|Scientific Name||Palaemonetes sp.|
|Minimum Water Size||3+ gallons (11.36+ liters)|
|Ease Of Care||Beginner|
|Average Lifespan||1 year|
|Approximate Adult Size||2 inches (5.08 centimeters)|
|Water Parameters||72-82 degrees Fahrenheit (22.22-27.78 degrees Celsius), 3-10 KH, 6.5-8.0 pH|
|Native Region||North America|
The ghost shrimp, or also known as the glass shrimp, is a species of shrimp that is completely transparent minus the orange spot on their tail. Their body is segmented with a total of 10 legs, where the first four are actually claws used to grab and sift through to find food. These invertebrates are an extremely helpful cleaner, as they will sift through the debris and substrate to eat left over food that other fish cannot access or will not eat. They are very popular in many aquariums since you can see what they have eaten as the colors will show through their body, and the fact that they are mostly very friendly to all other fish inside the aquarium. Only bigger fish that are known to be predatory will attempt to eat these otherwise they will use their tail to move around the water or their legs to move on the substrate. Due to their nature of climbing on the aquarium glass, plants, or decorations they can sometimes escape if you do not have a tight fitting lid on your tank.
Ghost shrimp will breed very easily within an aquarium if they have housed in large enough groups. Breeding will mostly only occur if there are plenty of hiding spots that the shrimp can fit into to feel safe, if there is a good amount of food being fed to them, and if there are no predatory fish who attempt to eat the shrimp inside of the aquarium. Males can be identified by their smaller body size and most commonly slightly bigger claws, while the female can be identified by their slightly bigger body size and most noticeable is their bigger pleopod area. This can be hard to try to notice since the traits are very hard to tell in this transparent invertebrate, along with the fact that you must have a fully matured Ghost Shrimp as well.

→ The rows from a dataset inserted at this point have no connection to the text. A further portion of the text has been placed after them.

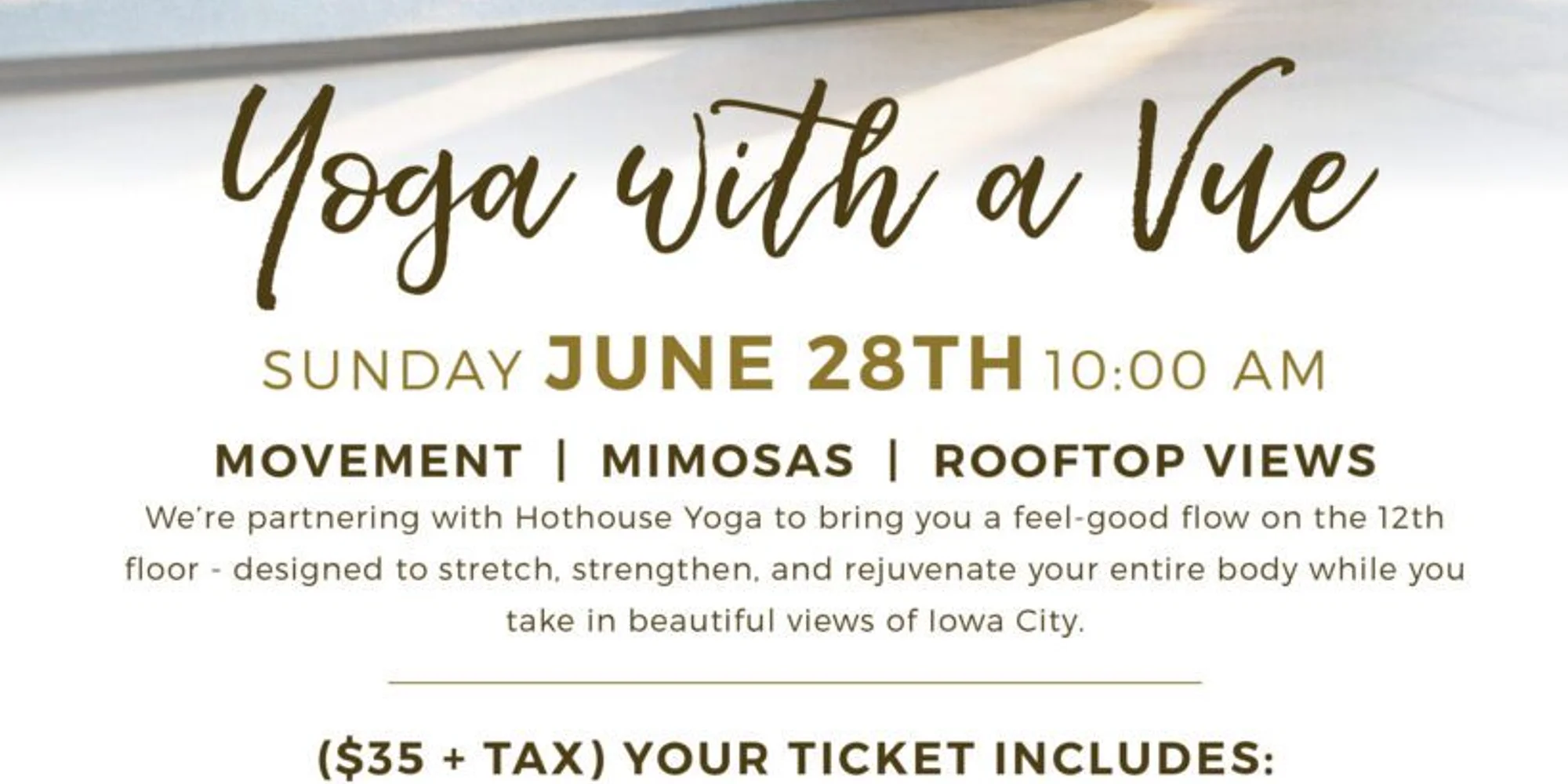Join us for a morning of movement, mimosas, and rooftop views. We’re partnering with Hothouse Yoga to bring you a feel-good flow on the 12th floor – designed to stretch, strengthen, and rejuvenate your entire body while you take in beautiful views of Iowa City. Your $35 ticket includes: A one-hour guided rooftop yoga session on our outdoor rooftop patio Two mimosas at a mimosa bar 20% off brunch Start your Sunday feeling refreshed, restored, and ready for brunch. *Event will take place on our rooftop patio, weather permitting. In the event of rain, this session will be held in our private party room where you’ll still be able to take in all the views. Please arrive 30 minutes early to check in and set up your mat.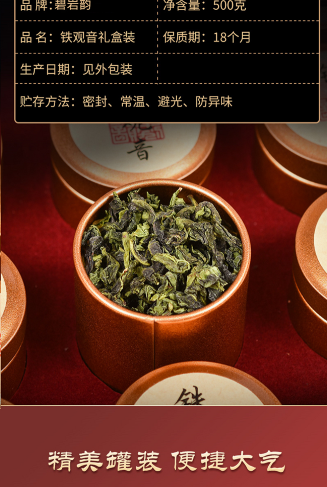 碧岩韵茶茶叶绿茶私藏30罐铁观音500g特级浓香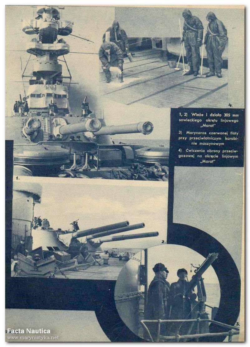 W lipcowym numerze miesięcznika MORZE z roku 1936 zamieszczono interesujący fotoreportaż z pokładu radzieckiego pancernika MARAT, który dwa lata wcześniej przebywał z wizytą w Gdyni. Warto zwrócić uwagę na fotografię numer 4. Przedstawia ona marynarzy w kombinezonach ochronnych i maskach przeciwgazowych, demonstrujących ćwiczenia obrony przeciwgazowej. Wydaje mi się, że warto w tym miejscu wspomnieć podobne testy, jakie w 1923 roku prowadziła Royal Navy na krążownikach liniowych HMS HOOD i HMS REPULSE. Autorem tego tekstu, cytowanego niżej, jest Tadeusz Klimczyk (1992);

Females will carry the eggs underneath her tail (in something called a pleopod) until the fry are ready to hatch, normally this takes around 28-32 days. It will be very visible if a female is carrying eggs, as they will have a dark green circular appearance and do not move or fall off even if the shrimp gets flipped over. When the eggs are ready to be hatched, the female will attempt to push all of the eggs out of her pleopods so that they can become free swimming in the water column. The larvae will only have a few hours worth of food stored up, so making sure to feed them the proper food when they are first born is vital. Once the larvae have been released by the mother, there will be no parental care provided from either the father or mother. This may be hard as ghost shrimp larvae do not have any legs until they are 3-5 days old, and will normally float (or swim throughout using their paddles they have developed) in the water current waiting for food to reach them compared to them going for it.
Ghost shrimp will gladly accept any form of flake, pellet, frozen and or freeze dried food, live foods, and also any wafers if present. In order to have the most active and healthy ghost shrimp, it is suggest that you give them a varied diet which is based around feeding them a plant based food (mostly what flakes are made of), and then slightly a meaty food such as pellets or live foods. Since ghost shrimp are bottom feeders, if their is any sick, dying, or dead fish or invertebrates inside of the aquarium, they will start to consume their bodies only leaving their bones as a result. Many people believe that they are killing healthy fish or invertebrate as they will see them feeding on their dead bodies, however this is inaccurate due to the lack of speed the ghost shrimp has. Normally the ghost shrimp will attack any weak fish or invertebrates that are sick being unable to move as rapidly or have already died on their own.